Sewell, now an area sales manager in Florida with Seminis Seeds, called mental health issues in farming the metaphorical elephant in the room. He encouraged young farmers and ranchers to be self-aware and to look out for the emotional well-being of those around them.
“It’s something that deserves to be talked about,” Sewell said, noting that approximately one fourth of Americans will battle some sort of mental health issue at some point in their life. “Folks, those are stiff odds, and we’ve got to do a better job of fighting this. We need to do a better job of breaking down that stigma that it’s not all right to not be all right.”
Recognize life comes with risks
Former Army Ranger Jon Jackson, who started Comfort Farms in Baldwin County after leaving the Army, talked about his experience with depression, his farm work and his efforts to offer crisis support for veterans through agriculture.

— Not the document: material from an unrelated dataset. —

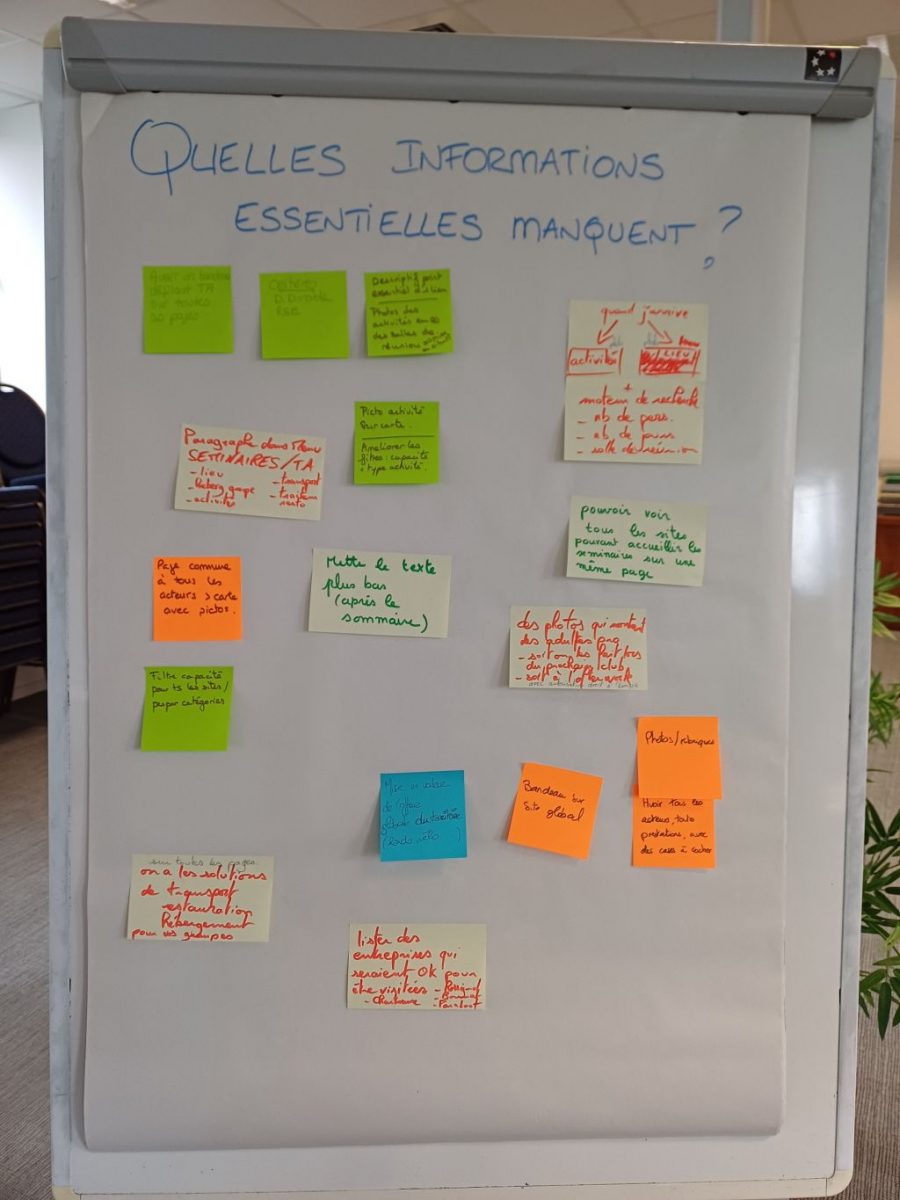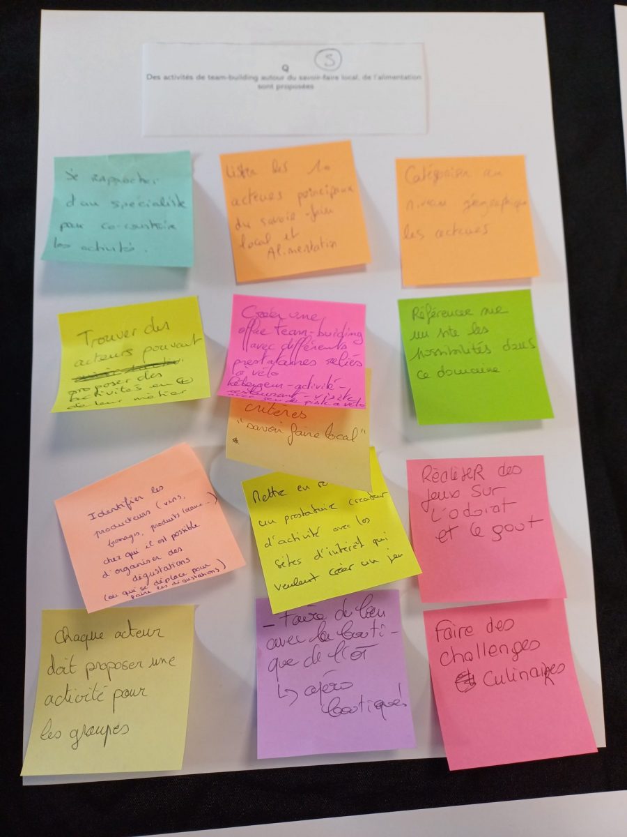 - Reprise des idées pépites qui étaient ressorties lors de l’atelier 2 et explications de l’abandon de certaines idées car non réalisables pour des raisons de budget, de RH, de compétence tourisme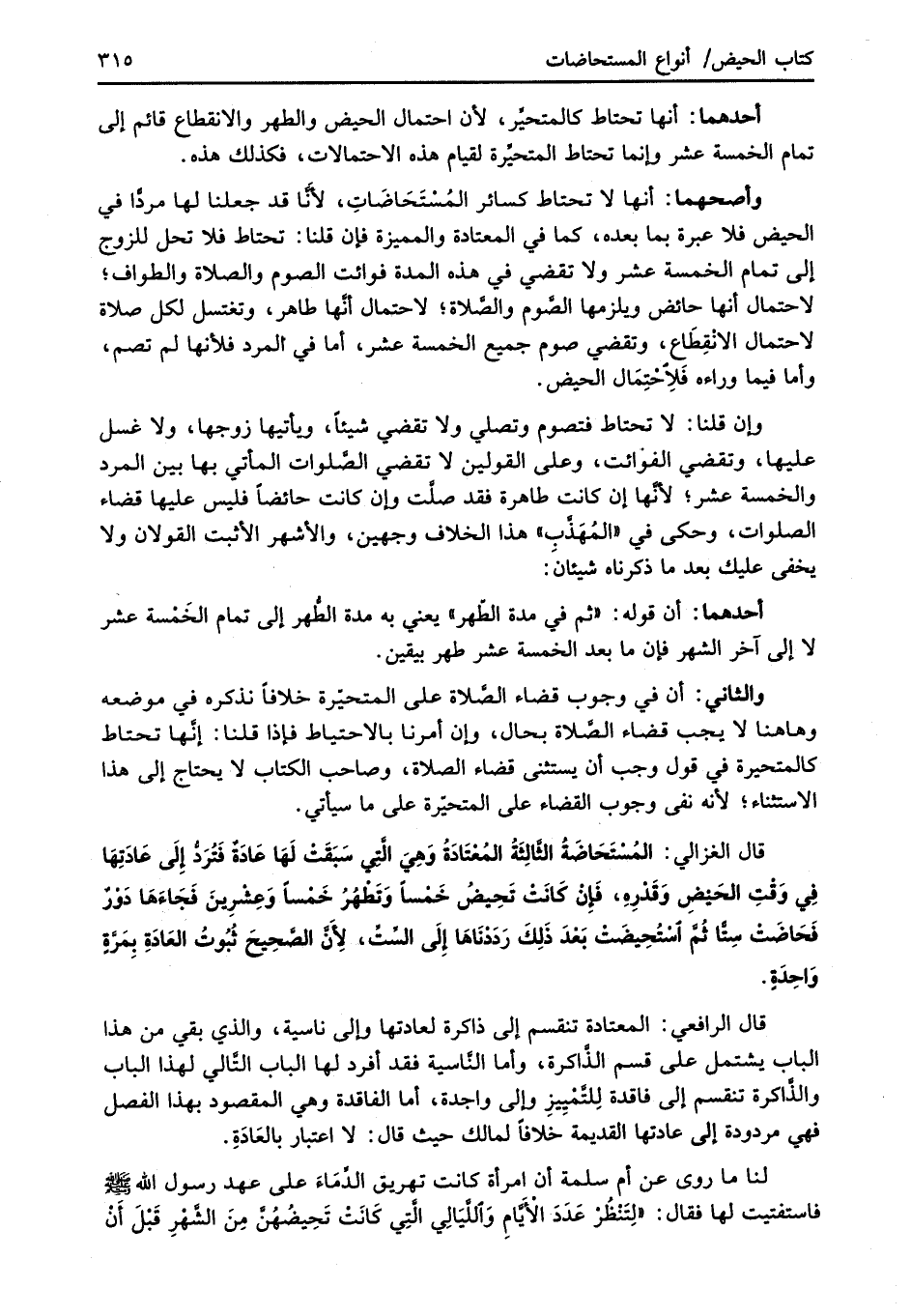 قال الغزالي: المُسْتَحَاضَةُ الثَّالِثَةُ المُعْتَادَةُ وَهِيَ الَّتِي سَبَقَتْ لَهَا عَادَةٌ فَتُرَدُّ إِلَى عَادَتِهَا فِي وَقْتِ الحَيْضِ وَقَدْرِهِ، فَإِنْ كَانَتْ تَحِيضُ خَمْساً وَتَطْهُرُ خَمْسًا وَعِشْرِينَ فَجَاءَهَا دَوْرٌ فَحَاضَتْ سِتًّا ثُمَّ اسْتُحِيضَتْ بَعْدَ ذَلِكَ رَدَدْنَاهَا إِلَى السِّتِّ، لِأَنَّ الصَّحِيحَ ثُبُوتُ العَادَةِ بِمَرَّةٍ وَاحِدَةٍ.

Farmers, Jackson said, have always been closely connected to soldiers. Both occupations come with risks, but he said the risks are worth it.
“One of the things we tell our veterans is that growth happens outside our comfort zone,” Jackson said. “When you step outside your comfort zone, you start to really develop traits you need to survive.”
Jackson encouraged young farmers and ranchers to take risks to develop new markets to help their farms grow and prosper.
“We have to take risks. Risks are important,” Jackson said. “With risks there are great rewards.”
Surviving difficult conversations
In a workshop with UGA Communications Professor Dr. Barry Croom, participants engaged in group juggling by tossing a tennis ball as a metaphor for the communications process. Croom provided methods for navigating difficult conversations, whether they’re with consumers or people in positions of authority.
One scenario he presented involved the use of “mirroring” in conversations with conflict. Mirroring, Croom said, is repeating back what the other person says, beginning with the phrase, “It seems that …” This can prompt the other person to get to what is really bothering them or what they really want.
As an example, he shared an experience early in his career, when he was an ag teacher in North Carolina. During the winter, mice had gotten into the electronic irrigation controls in the school greenhouse, shorting out the circuitry and shutting it down. The pipes froze and ruptured, resulting in water on the greenhouse floor.
Croom went to the school principal and said, “I’m mad.” The principal responded with, “I see that you’re mad.” Croom said, “That greenhouse conked out on me again.” The principal responded, “Your greenhouse has conked out on you.” The conversation continued this way until the principal identified the problem and proposed a solution.
“You have to have integrity with the person,” Croom said. “Establish trust. Approach them with an attitude of wanting to resolve the conflict. If you’re there to yell, to point fingers, it’s not going to get solved. It’s just going to make everybody angry.”
Make interacting with consumers less stressful
One stressful scenario for farmers is interacting with consumers. The conference offered workshops and a keynote address to provide guidance for those conversations.
Opening session speaker Paige Pratt discussed varying marketing approaches for different generations. For example, the Baby Boomers (those ages 56-73) talk to people face-to-face, they trust print ads and they’re on Facebook to keep up with their grandchildren. By contrast, Millennials (ages 24-41) trust their friends’ and family’s recommendations on where to go and what to do but are largely unresponsive to traditional marketing practices.
Pratt, a motivational speaker who raises cattle in Virginia, suggested that marketing efforts focus on customers’ reason for action.
UGA’s Dr. Ashley Yopp led a workshop on community engagement, noting that taking a hard-line approach – i.e., “no farms, no food” – might not be as effective as searching for common ground with consumers.
“We have to tell our story,” Yopp said. “Tell the good and the bad in an authentic way. Invite people into your experiences. Create experiences that make them a part of your world.”